__WHAT THE TASK ASKS__. The material below holds pictures, which are to be left out; copy exactly the lines from the one with "The queen-size bed" through the one with "Dragonfly Escape Folding".

__INPUT DATA__.
....

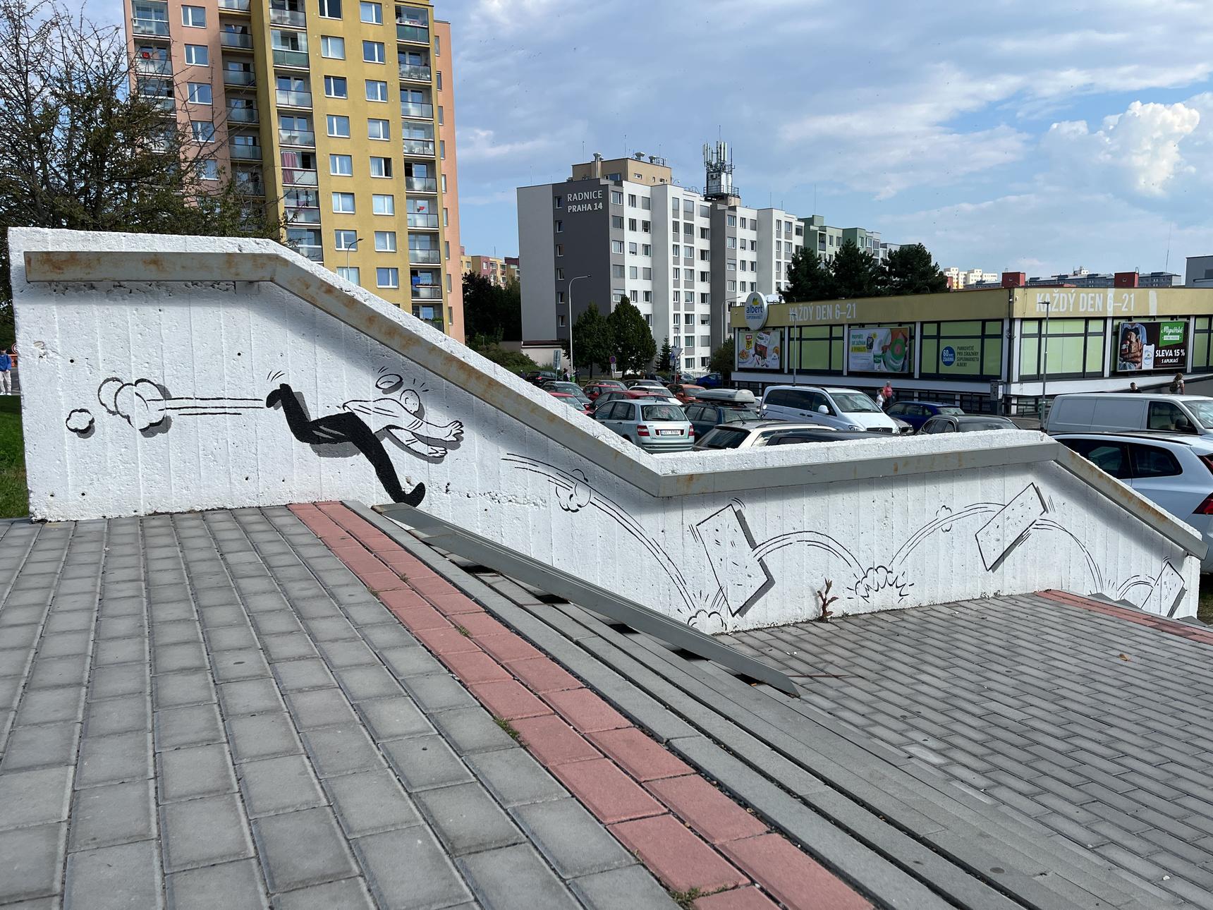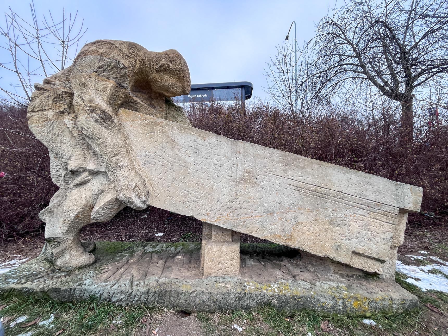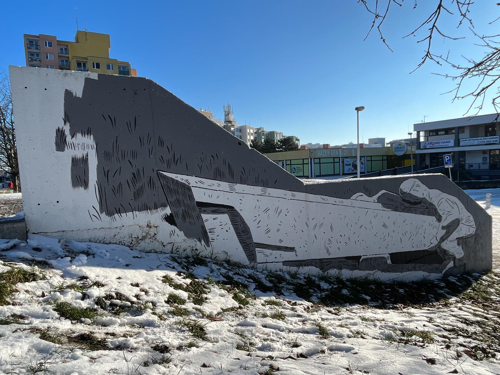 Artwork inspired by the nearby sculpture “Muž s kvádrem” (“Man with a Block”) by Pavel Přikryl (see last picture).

....

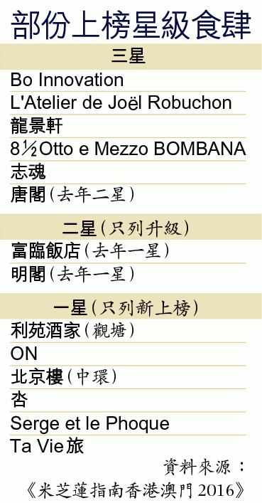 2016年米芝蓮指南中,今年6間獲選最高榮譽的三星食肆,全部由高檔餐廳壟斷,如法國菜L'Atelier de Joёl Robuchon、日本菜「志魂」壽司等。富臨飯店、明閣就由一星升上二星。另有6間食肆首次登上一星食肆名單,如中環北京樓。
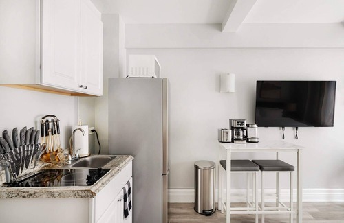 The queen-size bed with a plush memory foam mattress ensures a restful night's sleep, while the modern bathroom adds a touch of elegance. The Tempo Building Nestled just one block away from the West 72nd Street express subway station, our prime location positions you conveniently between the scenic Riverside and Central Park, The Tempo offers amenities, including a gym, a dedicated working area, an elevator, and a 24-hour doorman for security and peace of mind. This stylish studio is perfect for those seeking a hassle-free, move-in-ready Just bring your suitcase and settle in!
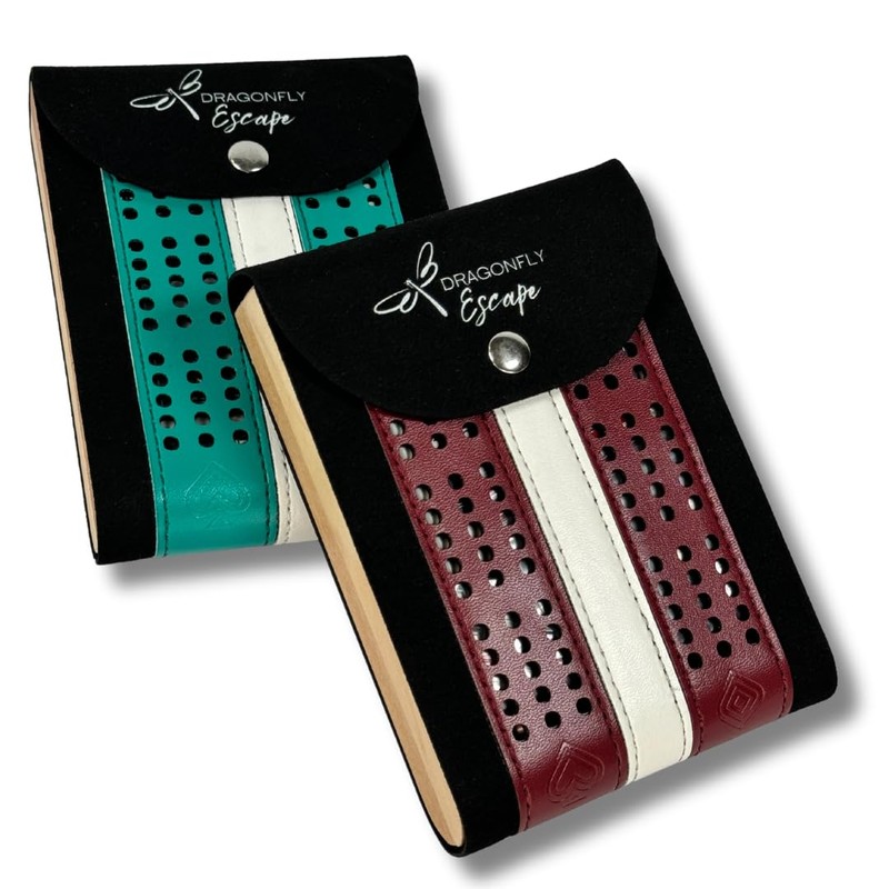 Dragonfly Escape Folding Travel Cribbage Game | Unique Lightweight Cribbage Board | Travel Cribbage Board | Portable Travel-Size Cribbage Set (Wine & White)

....

__FINAL ANSWER__.
 The queen-size bed with a plush memory foam mattress ensures a restful night's sleep, while the modern bathroom adds a touch of elegance. The Tempo Building Nestled just one block away from the West 72nd Street express subway station, our prime location positions you conveniently between the scenic Riverside and Central Park, The Tempo offers amenities, including a gym, a dedicated working area, an elevator, and a 24-hour doorman for security and peace of mind. This stylish studio is perfect for those seeking a hassle-free, move-in-ready Just bring your suitcase and settle in!
 Dragonfly Escape Folding Travel Cribbage Game | Unique Lightweight Cribbage Board | Travel Cribbage Board | Portable Travel-Size Cribbage Set (Wine & White)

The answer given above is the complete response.